===== Dataset section

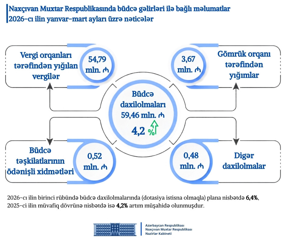Büdcə gəlirləri üzrə göstəricilər də artımla müşayiət olunmuşdur. 2026-cı ilin birinci rübündə büdcə daxilolmaları 59,46 milyon manat təşkil etmiş, bu göstərici ötən ilin müvafiq dövrü ilə müqayisədə 4,2 faiz artmışdır. Daxilolmaların 54,79 milyon manatı vergi orqanları tərəfindən yığılan vergilər, 3,67 milyon manatı gömrük orqanları tərəfindən yığımlar, 0,52 milyon manatı büdcə təşkilatlarının ödənişli xidmətləri, 0,48 milyon manatı isə digər daxilolmaların payına düşmüşdür.
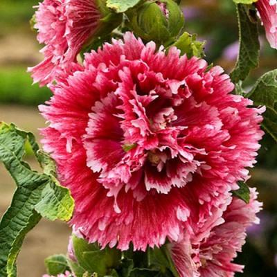 Соцветия представлены в виде бутонов, оригинальной, очень насыщенной окраски, с махровыми густыми и плотными лепестками. Такое чудо селекционной мысли способно порадовать любого садовода и просто ценителя всего прекрасного. На складчатых лепестках красный цвет постепенно переходит в насыщенно малиновый тон, а у самых краёв – в белый. Растения идеально впишутся в любую растительную композицию, хорошо подходят для праздничного оформления помещений. Особенно хороши цветы яркой мальвы в срезанном виде, они долго сохраняют свой превосходный свежий вид.
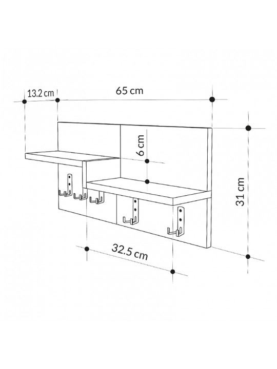 Κρεμάστρα τοίχου Harmon Megapap χρώμα sapphire oak - λευκό 65x15x31εκ.

==========

Using the listing above, copy exactly the lines from the one that contains "Соцветия представлены в" through its last line, both included, but not the pictures.

• Answer section:
 Соцветия представлены в виде бутонов, оригинальной, очень насыщенной окраски, с махровыми густыми и плотными лепестками. Такое чудо селекционной мысли способно порадовать любого садовода и просто ценителя всего прекрасного. На складчатых лепестках красный цвет постепенно переходит в насыщенно малиновый тон, а у самых краёв – в белый. Растения идеально впишутся в любую растительную композицию, хорошо подходят для праздничного оформления помещений. Особенно хороши цветы яркой мальвы в срезанном виде, они долго сохраняют свой превосходный свежий вид.
 Κρεμάστρα τοίχου Harmon Megapap χρώμα sapphire oak - λευκό 65x15x31εκ.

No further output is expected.